* [Exercise description]:
Where the line containing "ファーストパーティのCookie →「受け入れる」にチェックします。" appears below, start there and repeat each line exactly to the end. Leave the pictures out.

* [Information supplied]:
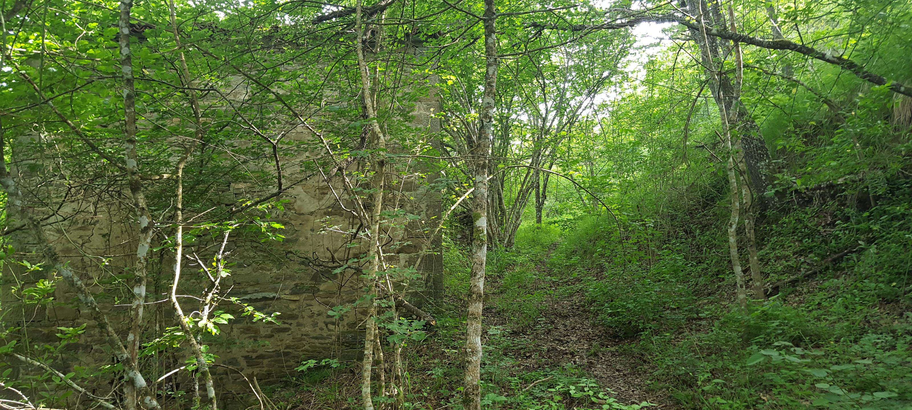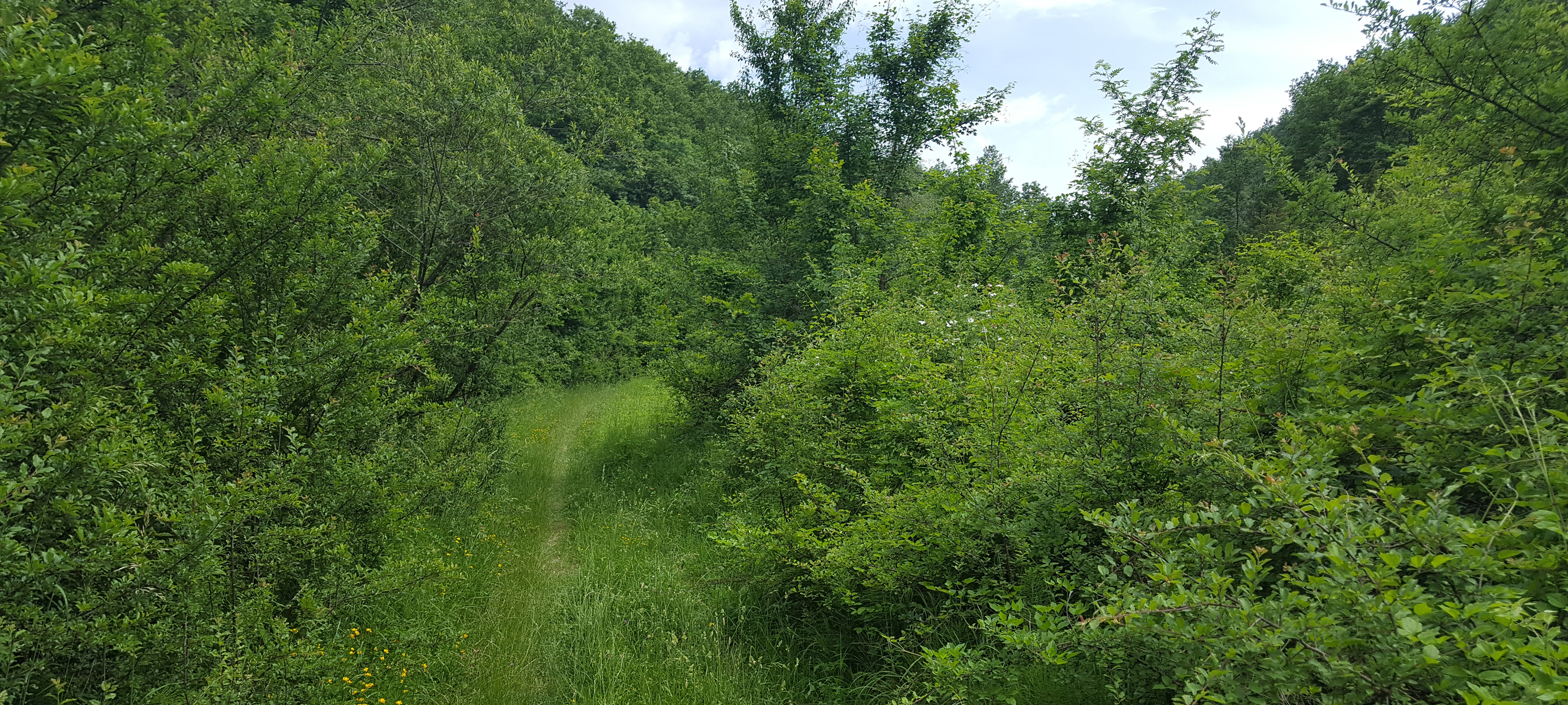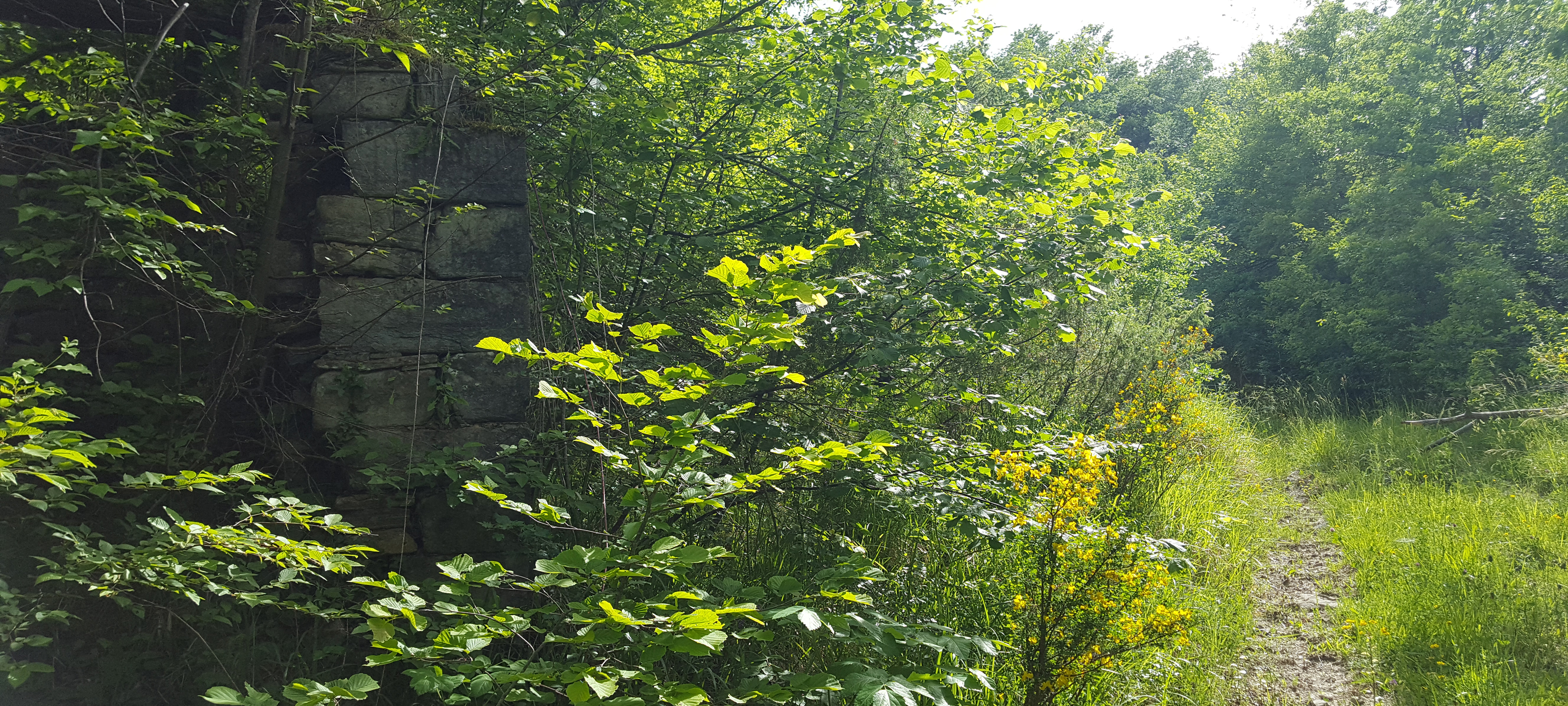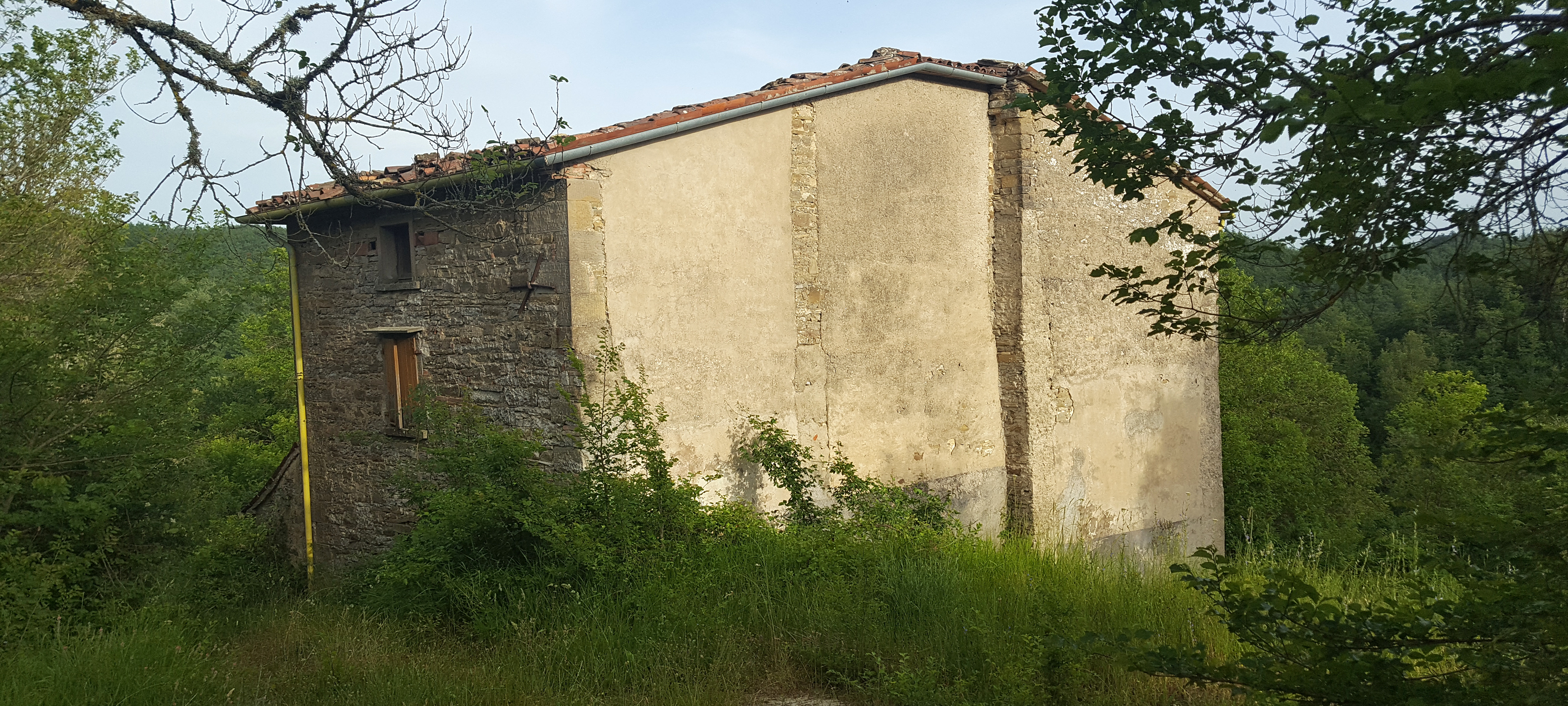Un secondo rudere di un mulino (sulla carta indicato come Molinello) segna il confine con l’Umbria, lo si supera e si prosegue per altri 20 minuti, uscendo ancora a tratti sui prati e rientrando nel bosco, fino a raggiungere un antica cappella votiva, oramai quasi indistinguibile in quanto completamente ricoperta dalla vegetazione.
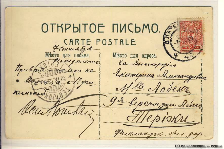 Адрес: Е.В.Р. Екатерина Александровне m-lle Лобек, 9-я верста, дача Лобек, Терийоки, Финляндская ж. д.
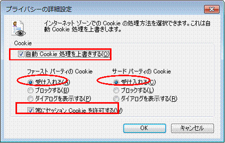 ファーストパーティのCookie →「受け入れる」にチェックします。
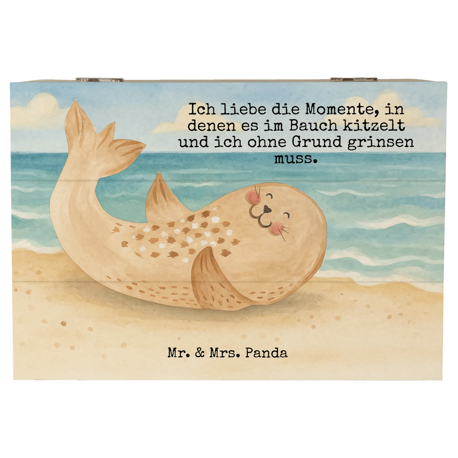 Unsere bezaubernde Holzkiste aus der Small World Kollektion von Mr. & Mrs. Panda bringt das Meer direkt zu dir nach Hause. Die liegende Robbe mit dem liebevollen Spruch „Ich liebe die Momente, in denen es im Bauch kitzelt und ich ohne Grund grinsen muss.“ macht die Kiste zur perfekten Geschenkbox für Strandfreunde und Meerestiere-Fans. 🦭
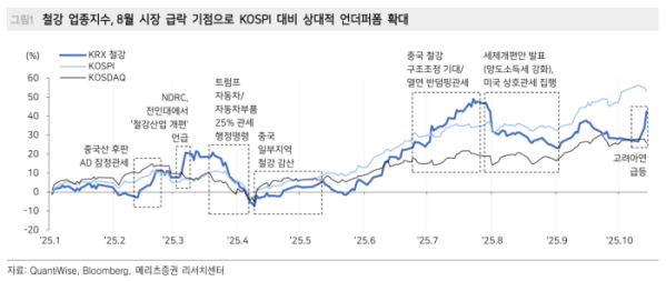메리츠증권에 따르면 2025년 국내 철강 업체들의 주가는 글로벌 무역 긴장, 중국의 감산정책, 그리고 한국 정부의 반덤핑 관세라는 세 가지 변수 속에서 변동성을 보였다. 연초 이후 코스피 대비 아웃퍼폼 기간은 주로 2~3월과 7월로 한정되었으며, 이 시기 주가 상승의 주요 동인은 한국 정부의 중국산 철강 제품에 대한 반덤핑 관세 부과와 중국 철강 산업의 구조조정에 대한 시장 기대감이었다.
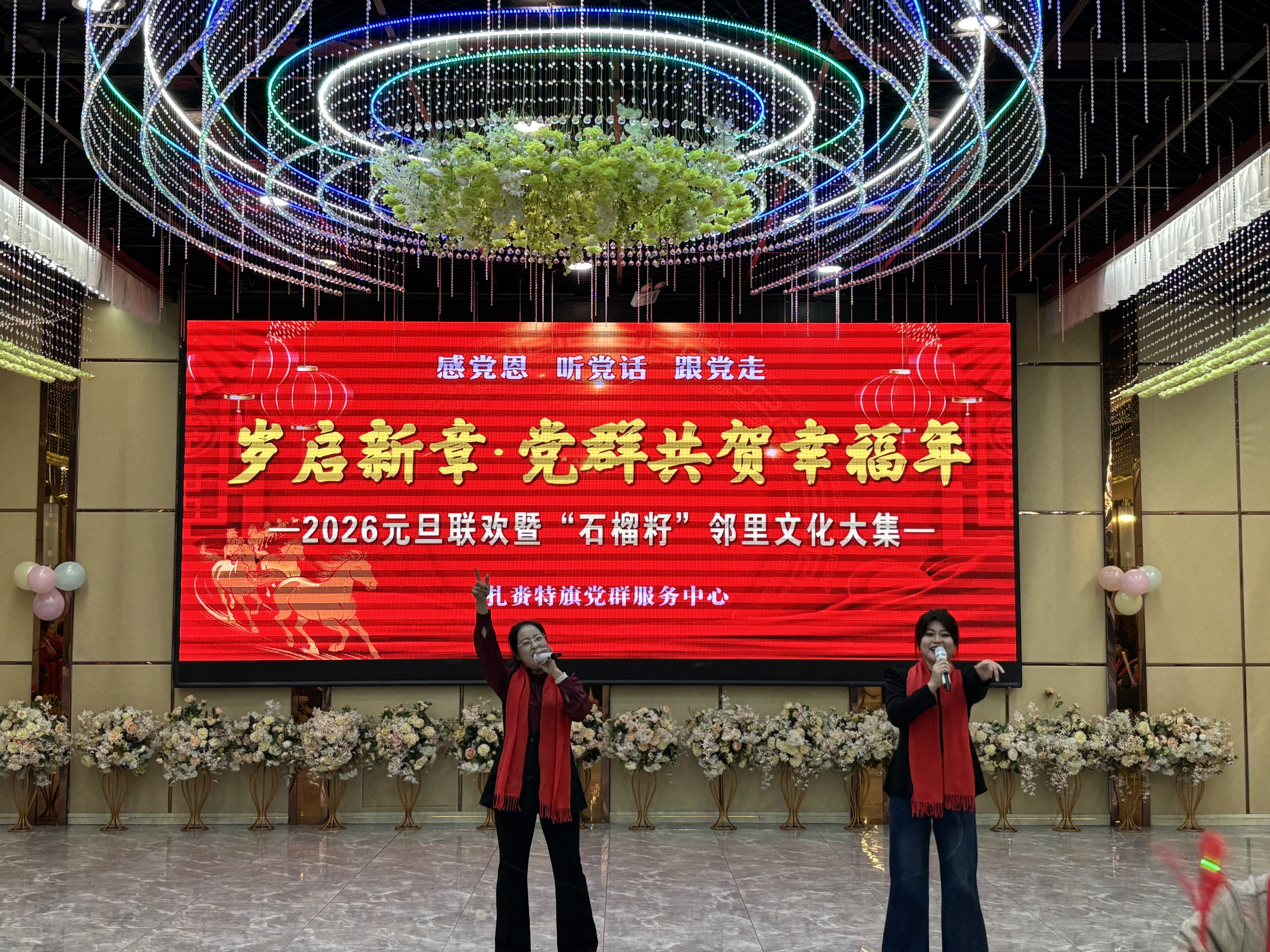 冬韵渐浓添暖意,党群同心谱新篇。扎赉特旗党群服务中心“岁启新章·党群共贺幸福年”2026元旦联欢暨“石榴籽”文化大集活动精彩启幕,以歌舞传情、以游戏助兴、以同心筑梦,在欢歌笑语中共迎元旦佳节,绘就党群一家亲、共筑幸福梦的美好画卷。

* [Output below]:
 ファーストパーティのCookie →「受け入れる」にチェックします。
 Unsere bezaubernde Holzkiste aus der Small World Kollektion von Mr. & Mrs. Panda bringt das Meer direkt zu dir nach Hause. Die liegende Robbe mit dem liebevollen Spruch „Ich liebe die Momente, in denen es im Bauch kitzelt und ich ohne Grund grinsen muss.“ macht die Kiste zur perfekten Geschenkbox für Strandfreunde und Meerestiere-Fans. 🦭
메리츠증권에 따르면 2025년 국내 철강 업체들의 주가는 글로벌 무역 긴장, 중국의 감산정책, 그리고 한국 정부의 반덤핑 관세라는 세 가지 변수 속에서 변동성을 보였다. 연초 이후 코스피 대비 아웃퍼폼 기간은 주로 2~3월과 7월로 한정되었으며, 이 시기 주가 상승의 주요 동인은 한국 정부의 중국산 철강 제품에 대한 반덤핑 관세 부과와 중국 철강 산업의 구조조정에 대한 시장 기대감이었다.
 冬韵渐浓添暖意,党群同心谱新篇。扎赉特旗党群服务中心“岁启新章·党群共贺幸福年”2026元旦联欢暨“石榴籽”文化大集活动精彩启幕,以歌舞传情、以游戏助兴、以同心筑梦,在欢歌笑语中共迎元旦佳节,绘就党群一家亲、共筑幸福梦的美好画卷。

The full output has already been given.